I will definitely check.. I plan on cleaning them in the ultrasound cleaner as well.

Check out the photos, I just got my intake manifold off! 2007 2.0 bwa with 131.000km


----------



## SwissJetPilot (Apr 27, 2014)

Yikes! What's your odometer reading? Curious about how much has built up at a given mileage.

*Wolvez* has recommended a commercial water based carbon solvent allowing a good long soak, followed up with a wire brush to remove the carbon build up on the intake valves. He seems to have gotten pretty good results as you can see in this post -

*To Carbon Clean or to Not*
https://www.ttforum.co.uk/forum/viewtop ... lit=carbon


----------



## Petar92 (Sep 29, 2019)

Micro filter removal option. 




Odometer : 131.000 km

I will to the same, picks and wire brushes, till its nice and shiny


----------



## SwissJetPilot (Apr 27, 2014)

Those are for a 1987 Toyota MR2 - old school. The Bosch may not have the micro filters.


----------



## Petar92 (Sep 29, 2019)

SwissJetPilot said:


> Those are for a 1987 Toyota MR2 - old school. The Bosch may not have the micro filters.
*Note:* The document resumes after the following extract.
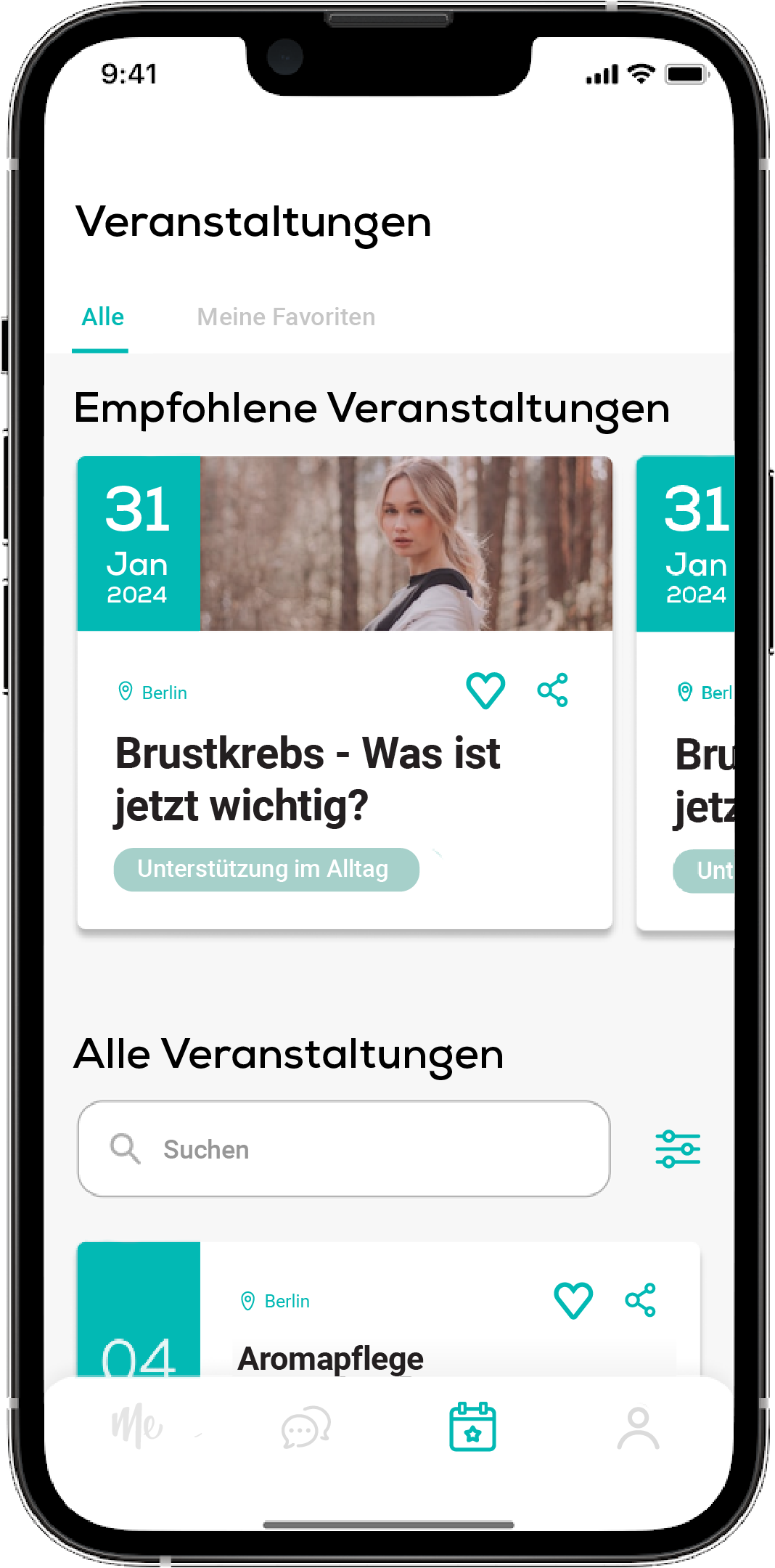 Krankenhäuser, Praxen, Zentren und Patientenorganisationen haben die Möglichkeit ihre Patientenfortbildungen im Focus Me-Veranstaltungskalender anzuzeigen, um ihre Patientinnen dazu einzuladen und zu informieren. Medizinische Fachpersonen können die Chatfunktion zum Austausch mit Patientinnen nutzen, wenn der Einsatz im jeweiligen Zentrum oder in der Praxis gewünscht ist.

I have looked into mine, seem to have same style filters.
There are also such filters online "universal" injector filters. Anyways I think they are same/similar, but should have same install procedure, since they do not screw out, ive just tried


----------



## SwissJetPilot (Apr 27, 2014)

Cool!  Please post some pictures and the list the part numbers for 12 & 13 of your replacement bits so we know the specific PNs for your engine. That will be very helpful for anyone who follows your clean and rebuild procedure.


----------



## Petar92 (Sep 29, 2019)

Some after photos. Dividers simply scrubed with stanley knife blade. Injectors in ultrasound cleaner with alcohol, ( tho im not sure if thats enough...)
Did not succseed removing small filters, maybe I will try again.

Share your thoughts and suggestions!


----------



## Wolvez (Jun 22, 2018)

Just soak it with Industrial Grade Water Based Carbon Remover and it will look good as new.

https://www.youtube.com/playlist?list=P ... yfOEA00MCe


----------



## Petar92 (Sep 29, 2019)

Wolvez said:


> Just soak it with Industrial Grade Water Based Carbon Remover and it will look good as new.
> 
> https://www.youtube.com/playlist?list=P ... yfOEA00MCe


Do you have any brands or suppliers for europe? Austra?


----------



## Wolvez (Jun 22, 2018)

I'm not sure if TURCO 9045-6 or Piston Kleen is available in your location. Try searching "water based carbon remover".


----------



## Wolvez (Jun 22, 2018)

Petar92 said:


> I have looked into mine, seem to have same style filters.
> There are also such filters online "universal" injector filters. Anyways I think they are same/similar, but should have same install procedure, since they do not screw out, ive just tried


The micro filter is press fitted inplace. You need to pull it out


----------



## SwissJetPilot (Apr 27, 2014)

Your post has me curious about how to do this, so looking through various YouTube videos on DIY injector cleaning, some people have used a common 9-volt battery rather than a 12-volt car battery to provide power. Also, depending on the size of the injector, you may be able to use syringe body to interface between the injector and spray cleaner spray tube.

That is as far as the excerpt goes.